# Meet Brother Tehuti Evans



## My Freemasonry (May 21, 2017)

Tehuti Evans


Brother Tehuti Evans is a member of Redemption Lodge No. 24 MWPHGLDC. He is currently Secretary (and Past Master) of the David A. McWilliams Sr. Research and Education Lodge and also Grand Historian and Archivist for the Grand Lodge and Secretary and Keeper of the Seal and Archives for Jonathan Davis Consistory No. 1, ASSR,S.J., PHA.

Evans studied at Howard University, Federal City College, the University of the District of Columbia and Brandeis University in Waltham, Massachusetts where he pursued his doctoral studies.
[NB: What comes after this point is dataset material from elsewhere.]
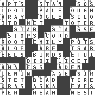 ACROSS 1. Tenement units (abbr.) 5. Comedian Laurel of Laurel & Hardy 9. Distress signal 12. Spoils 13. Diluted with white 14. Ending for "Through" and "Enough" 15. Like ___ of sunshine 16. Stare at amorously 17. Grain storage tower 18. It would 19. Was introduced to 21. Carrier 22. Play the lead 24. R.R. building 26. Compass dir. 27. Halts 28. Drawstring 29. Carrot, for example 30. Poet Dickinson 32. Cooking vessels 36. _ vera 37. "We ___ not amused" (Victoria) 38. Austrian river, tributary to the Danube 39. Snakelike fish 40. Avian creatures 42. Needle holder 43. "You Light Up My Life" star Conn 44. It is permitted: Lat. 46. Wet nurse (var.) 49. Curvy letter 50. An important port of Yemen 51. Soviet premier 1918-24 53. Personal question 54. Title for a knight 57. Proofreading order 58. Necklace unit 61. Become fatigued 62. Mouths or openings 63. "____ silly question..." 64. Nights before holidays 65. For each 66. 480, 500 or 516 sheets of paper 67. A home for chicks DOWN 1. Mountain range southwest of Kyrgyzstan 2. Left side of a ship or aircraft 3. Inedible or poisonous agaric 4. Filthy place 5. Blemish 6. Label 7. Everything 8. Born 9. Sets of matching outer garments 10. Stares 11. Dinah or Pauly 14. Bear (Spanish) 19. Atlas unit 20. Celtic language 21. Small boy 23. Lugs 24. Having a sole or soles 25. Attempt 27. Not divided or shared with others 28. High-altitude cloud 29. Actress Charlotte 31. Unmarried girls 32. Component 33. Clearly or manifestly demonstrative 34. Drawn tight 35. Indian title of respect (Mr.) 40. Again 41. Volcanic refuse 43. Lair 45. Binary compound 46. Columnist Joseph or Stewart 47. Distance measurement (Brit.) 48. Approach 52. ___ a Wonderful Life 53. First of billions? 55. Angers 56. Remainder 58. Soap unit 59. Compass dir. 60. Alias (abbr.) 61. "___ Little Indians"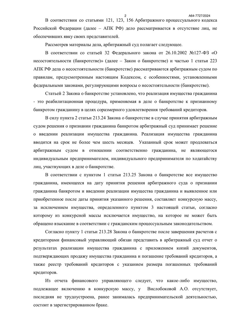 - Финансовый управляющий в ходе анализа выяснил, что у нашего клиента отсутствует какое-либо имущество, которое можно было бы реализовать в пользу кредиторов, а сам клиент не трудоустроен.

Evans is a well traveled veteran of the Air Force where he was a military engineer and a decorated Vietnam War veteran.
















 








Continue reading...


----------



## Warrior1256 (May 22, 2017)

Sounds like a man that I would like to meet and talk to.


----------



## BullDozer Harrell (Jun 3, 2017)

Warrior1256 said:


> Sounds like a man that I would like to meet and talk to.


I couldn't agree more. We had the privilege of meeting earlier this year in St. Louis, MO during a National Convention. A very intelligent man with a nice personality.


----------